# Accounting Rate of Return

**Topics:**Investment, Rate of return, Net present value

**Pages:**1 (277 words)

**Published:**October 9, 2012

The accounting rate of return (ARR) is a way of comparing the profits you expect to make from an investment to the amount you need to invest. The ARR is normally calculated as the average annual profit you expect over the life of an investment project, compared with the average amount of capital invested. For example, if a project requires an average investment of £100,000 and is expected to produce an average annual profit of £15,000, the ARR would be 15 per cent. The higher the ARR, the more attractive the investment is. You can compare the ARR to your own target rate of return, and to the ARR on other potential investments. The ARR is widely used to provide a rough guide to how attractive an investment is. The main advantage is that it is easy to understand. Disadvantages

Unlike other methods of investment appraisal, the ARR is based on profits rather than cashflow.

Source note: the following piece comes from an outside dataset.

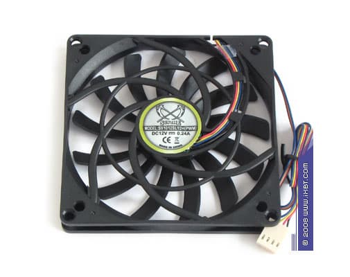 Не слишком убедительным выглядит и местный вентилятор (модель YLTC SY1012SL12H) — по линии технического качества претензий к нему нет (отмечаем вполне добротный подшипник скольжения и нормализованную электрическую обвязку), но его аэродинамическое конфигурирование предстает излишне компромиссным и, честно говоря, оставляет желать лучшего (низкопрофильные крыльчатки просто в силу своих конструктивных особенностей не отличаются реально интересным симбиозом производительности и шумовых характеристик, так что даже некоторые признаки оптимизации, выявляемые в SY1012SL12H, не облагораживают его функциональный потрет). И хотя устремления специалистов Scythe можно только поприветствовать — они всеми силами двигались к достижению максимально приземленных габаритов «мальца» Shuriken, вентилятор с укрупненной крыльчаткой, судя по всему, был бы здесь более уместным.

So it is affected by subjective, non-cash items such as the rate of depreciation you use to calculate profits. The ARR also fails to take into account the timing of profits. In calculating ARR, a £100,000 profit five years away is given just as much weight as a £100,000 profit next year. In reality, you would prefer to get the profit sooner rather than later. See the page in this guide on discounting future cashflow. There are also several different formulas that can be used to calculate an ARR. If you use the ARR to compare different investments, you must be sure that you are calculating the ARR on a consistent basis.